See o.a.tomcat.util.http.parser.AstMediaType#toString(), #toStringNoCharset()
s/sb.append(';');/sb.append("; ");/
Comment 4 Konstantin Preißer 2012-09-05 16:59:42 UTC
Hi Konstantin,

(In reply to comment #3)
> See o.a.tomcat.util.http.parser.AstMediaType#toString(), #toStringNoCharset()
> s/sb.append(';');/sb.append("; ");/

Thank you.
You are right: When I apply this change to the Tomcat 7.0.30 sources, then Adobe Reader loads the PDF in IE without any error.

So it seems that indeed the client (I guess IE if Adobe Reader uses its API to do HTTP requests, since IE's User-Agent is submitted and the problem does not occur on Firefox or Chrome) is expecting a whitespace after the ";".

Although it is not really a Tomcat bug since the absent whitespace is spec-compliant as you said, I also think a whitespace should be added to not exclude non-spec-compliant clients.
Comment 5 Mark Thomas 2012-09-05 17:11:35 UTC
This is a client bug, not a Tomcat one.

Generally, the Tomcat team does not make changes to work-around buggy clients.

Given which client is broken (Adobe Reader on IE) then the wide user base is potentially a reason to provide an optional work-around.

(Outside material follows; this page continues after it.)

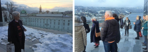 On February 12th Milijana Pavlovic showed a group of members around the new, modern, elegant Haus der Musik.3 Starting with the 5th floor library we visited rehearsal rooms, lecture halls, concert halls, offices and finally settled down among Milijana’s books to hear about her research work -- Musicology -- a word and its meaning having been previously unknown to most of us. This building, which from the outside, has to be got used to, amazed us once inside it.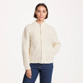 This lofty, heavyweight Aran cardigan is a true celebration of texture and craftsmanship. Hand knitted in luxurious 3-gauge 100% Merino wool, it offers exceptional warmth while maintaining a soft, breathable feel. The relaxed silhouette, with raglan sleeves and no shaping, creates an easy, comfortable drape at a standard length. A striking patchwork of blackberry stitch, trellis stitch, and varied cable patterns gives the cardigan depth and individuality, while rope cable detailing woven through the double crew collar and cuffs adds extra character. Finished with rib-edged side pockets and a full antique brass metal zip with an elegant ball pull, every detail reflects premium quality. Smooth, fully linked seams complete this beautifully crafted Irish knit.

That is probably best handled as a separate enhancement request with a better description rather than re-opening and editing this issue. Personally, I'd like to see some evidence that the bug had been reported to Adobe and they have refused to fix it before we even consider adding the work-around to Tomcat. Of course, there is always the "user a different browser" work-around.
Comment 6 Mark Thomas 2012-11-03 20:58:41 UTC
I ended up revisiting the HTTP header parser as a result of another bug. The parser for Content-Type has been replaced and the new version contains a work-around for this bug. The work-around will remain in place as long as the following are true:
- Adobe Acrobat Reader 9 is supported by Adobe
- Adobe has not fixed the bug in Acrobat Reader 9

Since the work-around is HTTP compliant and should not affect any other user agents, the work-around is hard-coded to enabled.